# Skins for mods



## Faiyaz Cheulkar (25/5/18)

Instagram is flooded with images of regular mods with some pretty cool skins on them. Recently saw @Sickboy77 drag with cool skins. Honestly if I had those skins I would have never let go of my drag. And then this beautiful skin for a aspire breeze. Any ideas how I can get one or may be make one for cheap ??


----------



## Humbolt (25/5/18)

Someone asked a similar question in the week, but they had a really limited selection. I've used jwraps before and wasn't disappointed.

Reactions: Like 1


----------



## Faiyaz Cheulkar (25/5/18)

Humbolt said:


> Someone asked a similar question in the week, but they had a really limited selection. I've used jwraps before and wasn't disappointed.


How much time did it take to reach ??


----------



## Humbolt (25/5/18)

Faiyaz Cheulkar said:


> How much time did it take to reach ??


not too long, about 2 - 3 weeks


----------



## Nailedit77 (26/5/18)

Faiyaz Cheulkar said:


> Instagram is flooded with images of regular mods with some pretty cool skins on them.

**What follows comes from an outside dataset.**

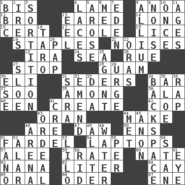 ACROSS 1. Altar cloth linen 4. Unable to walk 8. Small Philippine buffalo 12. Sis' sibling 13. Having ears or earlike features 14. Having great length 15. Sure thing 17. Learning spot: Fr. 18. Louse (plural) 19. Paper fasteners 21. Annoying sounds 23. Retirement account (abbr.) 24. Ocean 26. Sorrow 27. Discontinue 28. Island territory of the United States 30. Biblical high priest 31. Spring feasts 34. Soap unit 37. "Barney Miller" actor Jack 38. Amid 39. According to 40. Car or cant ending 41. Make 42. Police officer (slang) 43. Northwest Algerian city 44. Cause to be 46. "We ___ not amused" (Victoria) 47. Fool 50. Followers of ems 51. Burden 54. Portable computers 57. Toward shelter 58. Feeling or showing extreme anger 60. Nathan's nickname 62. Grandmother 63. 61 cubic inches 64. Island 65. Spoken 66. Baltic tributary 67. Compass dir. DOWN 1. English channel? 2. Angers 3. Casting lots 4. Shoestrings 5. Came up 6. Cartoonist voice _ Blanc 7. Paradise 8. Plant genus of onion and garlic 9. Annoying sound 10. At one time in the past 11. Matures 13. Snakelike fish 16. Edible starchy tuberous root 20. Infant food 22. Mouths or openings 25. Representative 27. A type of plum 29. Goad 30. Compass dir. 31. "Two Mules for Sister ____" 32. Make improvements or corrections to 33. ___ good deed 34. Keyboard key 35. _ vera 36. Hit sharply and swiftly 41. Algonquian 43. Severe or trying experience 44. Was introduced to 45. Soon (poet.) 46. Sports stadium 48. Having winglike extensions 49. Wetness 51. Papal veil 52. Having or resembling wings 53. _ and Stitch 55. For each 56. Comedian Laurel of Laurel & Hardy 59. To free from 61. Sight organ

Recently saw @Sickboy77 drag with cool skins. Honestly if I had those skins I would have never let go of my drag. And then this beautiful skin for a aspire breeze. Any ideas how I can get one or may be make one for cheap ??
> View attachment 133091


www.vaping-mad.com make the best local skins, give them a try

Reactions: Like 2


----------



## Faiyaz Cheulkar (26/5/18)

is there a way we can get this locally ??? I mean can we make them if we have the right measurements ???


----------



## Silver (26/5/18)

Faiyaz Cheulkar said:


> is there a way we can get this locally ??? I mean can we make them if we have the right measurements ???



Hi @Faiyaz Cheulkar , Vaping Mad is local, they are based in Midrand, Gauteng


----------